List your labeling projects in `src/label_app/app_settings.yaml` to make them appear in the UI. You can register multiple projects:

```yaml
projects:
ner: "https://github.com/your-org/ner-repo/data"
image: "https://github.com/your-org/img-classifier/dataset"
```

## Project Versions

Each version of a project lives in its own subdirectory. For example:

```
ner-project/
├── v1.0/
│ ├── project.yaml # Pydantic config for v1.0
│ └── source/
│ └── data_part1.jsonl
│ └── data_part2.jsonl
└── v2.0/
├── project.yaml # Updated config for v2.0
└── source/
└── all_data.jsonl
```

* **Immutable Versions:** Once data files and `project.yaml` are committed, treat them as read-only.
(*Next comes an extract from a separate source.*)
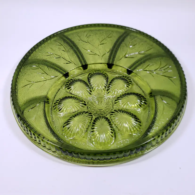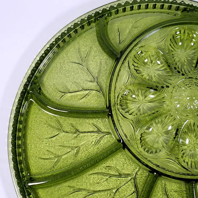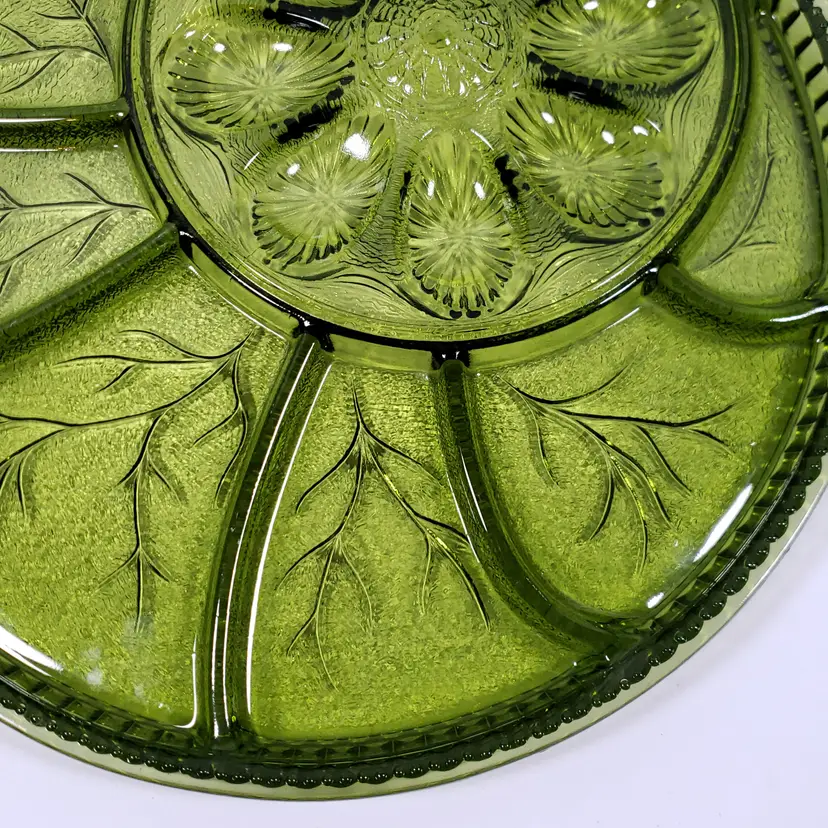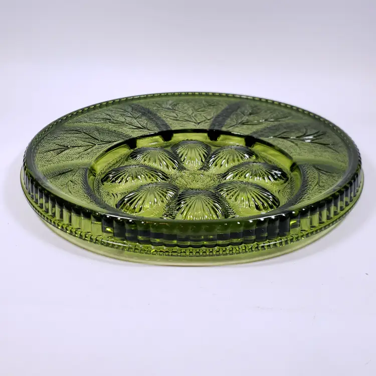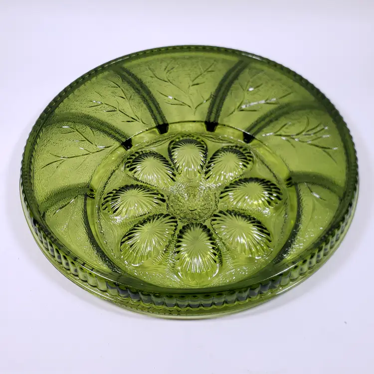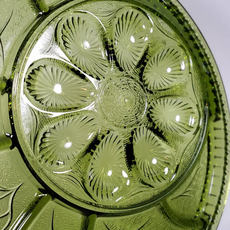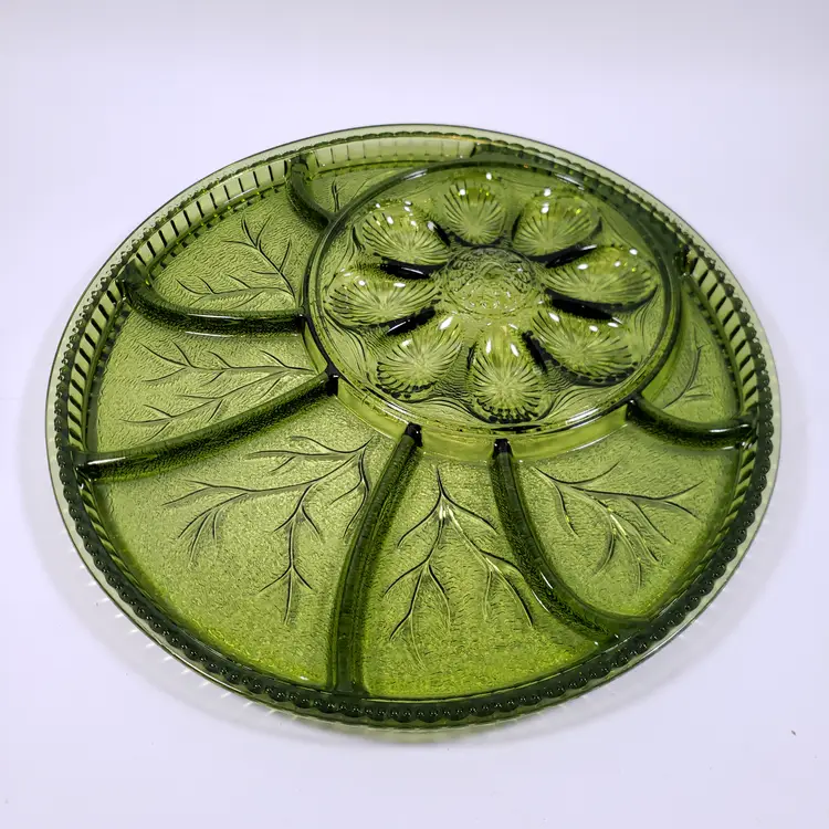 Vintage INDIANA GLASS Avocado Green Pebbled Leaf Deviled Egg Relish SERVING TRAY

Create a new version directory for any changes.
* **project.yaml:** Must match your `ProjectBase` schema exactly.
* **Source Tree:** The `source/` directory can contain nested subdirectories; only leaf files should be `.jsonl`. Each line in these JSONL files must represent a serialized Pydantic `YourItem`  model.
* **Chunking:** For performance, keep each `.jsonl` file between 100–1000 lines.

## Annotations Storage

When contributors annotate, their results are saved back into the repository under:

```
//annotation//source/.../*.jsonl
```

* The `annotation/` tree mirrors the `source/` layout, ensuring your commit history remains clear.
* Multiple contributors can work in parallel without merge conflicts.

---

## Potential Welcomed Contributions

* **New Authentication Backends**

* Support additional OAuth/OIDC providers (e.g., GitHub OAuth, Google).
* Implement a plugin architecture for custom authentication modules.

* **Alternative Storage Layers**

* Add optional back-ends for data and annotation storage (e.g., AWS S3, Google Cloud Storage, SQL/NoSQL databases).
* Integrate Hugging Face Datasets as a storage and loading option, enabling seamless access to public and private HF repositories.

* **Automated Testing & CI/CD**

* Include unit and integration tests with pytest covering core components.
* Provide GitHub Actions workflows for linting, testing, and automated deployment of documentation or Docker images.

* **Interactive Analytics Page**

* Add a dedicated page within the app for visualizing annotation metrics such as annotator throughput, label distributions, and inter-annotator agreement.
* Use interactive plotting libraries (Plotly, Recharts, or Streamlit charts) for real-time analytics.

* **Built-in Project Types & Templates**

* Add additional out-of-the-box project implementations (beyond the current chat labeling).